I wanna leave you with the caveat. We still don’t know perfectly how to treat all the components of COVID, but we can treat some of it. And we put ourselves in a much better position when firefighters have a level of awareness that allows them to talk intelligently with their health care providers.
And the last thing I just have to say, if you’d give me one more moment here.
The medical evaluations, making sure that our firefighters have medical evaluations, has always been important. It’s important for cancer screening, behavioral health screening, cardiovascular screening, and now understanding how COVID may intersect with any or all of these because COVID is certainly disrupting the immune and hormonal system.
And so, there could be intersections not just with the cardiovascular system, but with the major health issues facing the fire service. So that occupational exam is more important than ever. But it is also critical that firefighters who recognize symptoms in themselves certainly check with their primary care physician.

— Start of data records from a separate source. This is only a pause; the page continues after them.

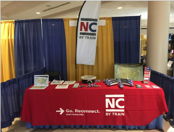
Table at N.C. A&T Alumni Event

The schools were North Carolina A&T State University in Greensboro, Livingstone College in Salisbury, Johnson C. Smith University in Charlotte, and North Carolina Central University in Durham.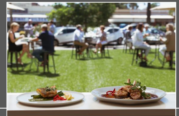
Pop-up Restaurant & Bar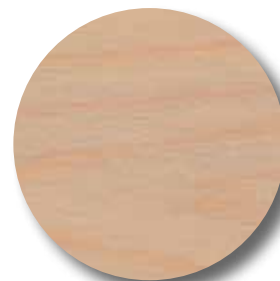
113 Cape Cod Grey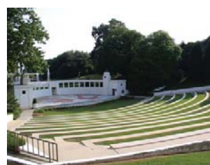
Amphitheater Interest/Priority Rating High Med Low Not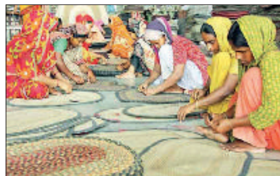
SSW Practice session followed by 2-day long training on income generating activities for the women members of Char Madangopal Rayer Chhara WMCA of Madarganj Upazila of Jamalpur district is in progress.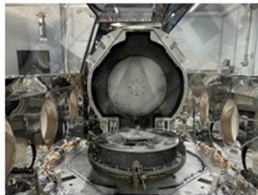
Pictured: The OSIRIS-REx asteroid sample return canister.

Share your thoughts and read the opinions of others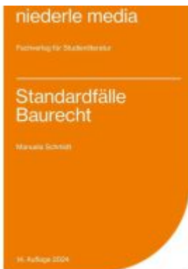
Standardfälle Baurecht - 2024 Ladenpreis: 15,40EUR

Wir haben andere Produkte gefunden, die Ihnen gefallen könnten!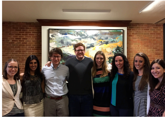
The Volume 56 Articles Committee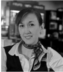
The Casper Professorship (2014)

Do not wait 8 months or 2 months or 10 months until your next medical evaluation. That’s a basis we must have for all firefighters. But if you’re recognizing the potential that these symptoms apply to you, I’d urge you to see a primary care physician and see if there’s follow-up care that can help get you back closer to normal more quickly.
Thank you so much for being with us today.

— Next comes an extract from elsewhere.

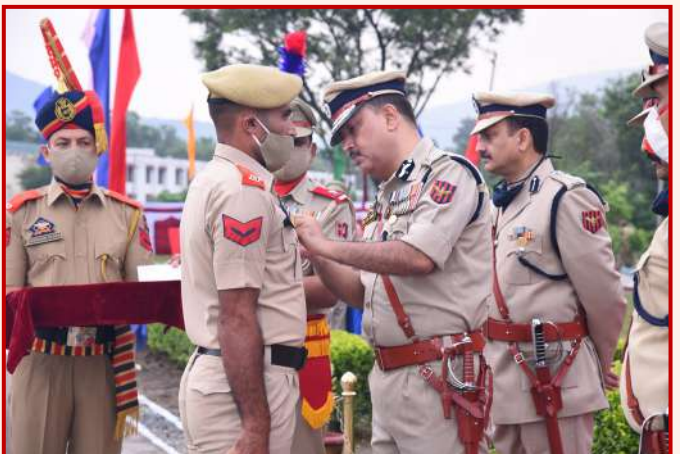
CELEBRATION OF INDEPENDENCE DAY

And fully taking care of a problem is what the fire service does. The fire service doesn’t leave a smoldering fire, and we can’t leave COVID too quickly despite our eagerness to do so.
Well, it’s a joy, and once again, I appreciate all the work that USFA does to support the fire service, and in particular, I appreciate you bringing some attention to a topic that many of us would like to put off to the sides, but really situational awareness is a key for the fire service.
Well, I have to say thank you and, also, that I wanna have you back to talk about cardiovascular health. I’ve heard you speak recently, and I was — you explain it so well. It can be, you know, sometimes when we hear researchers or doctors talk and it goes in one ear, out the other — big words. But you always bring it down and explain it better than even if you use the big words, you know, you’re a plain language advocate and you make sure that we understand. And so, I wanna have you back in the future for cardiovascular health as well.
Well, I appreciate that anytime I’m with you and doing whatever I can to help support the firefighters across this nation who are doing so much for us. I’m happy to do it anytime. Thank you again, Teresa.